Avec Le Cri du Moloch, Jean Dufaux et Christian Cailleaux clôturent le triptyque ouvert en 1953, par Edgar P. Jacob avec La Marque jaune, une histoire qu’ils ont passablement alourdie.
De 1946 à 1971, Edgar P. Jacob signa 10 albums d’une fascinante inventivité. Au fil des tomes, il explora une guerre totale et l’ancienne Égypte, inventa l’onde Méga et la guerre météo, découvrit les Atlantes et le voyage dans le temps, osa une simple affaire policière ou joua avec la robotique. Depuis sa mort, l’éditeur a produit 15 albums.

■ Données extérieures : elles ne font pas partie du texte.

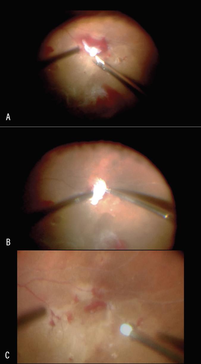 | Figure 3. Delamination of fibrovascular membrane using horizontal scissors (A). Sharp dissection under fibrovascular proliferation to cut the vascular peg (B). Delamination complete. Residual hemorrhage removed with soft tip cannula (C). |

L’effort serait louable, si la créativité était encore de mise. Or, toute prise de risques y est interdite. Nos héros sont prisonniers des années 1950. Les scénaristes sont priés de recycler à l’infini les thèmes initiaux et d’intégrer un Olrik, dont les innombrables échecs ont entamé le charisme.
La Marque jaune brillait par sa simplicité. Un bandit masqué sème la terreur dans Londres. En s’emparant de la couronne, il humilie la police. Le très orgueilleux et très rancunier docteur Septimus impose sa volonté à Olric, le réduisant en esclave, tout en accroissant sa force.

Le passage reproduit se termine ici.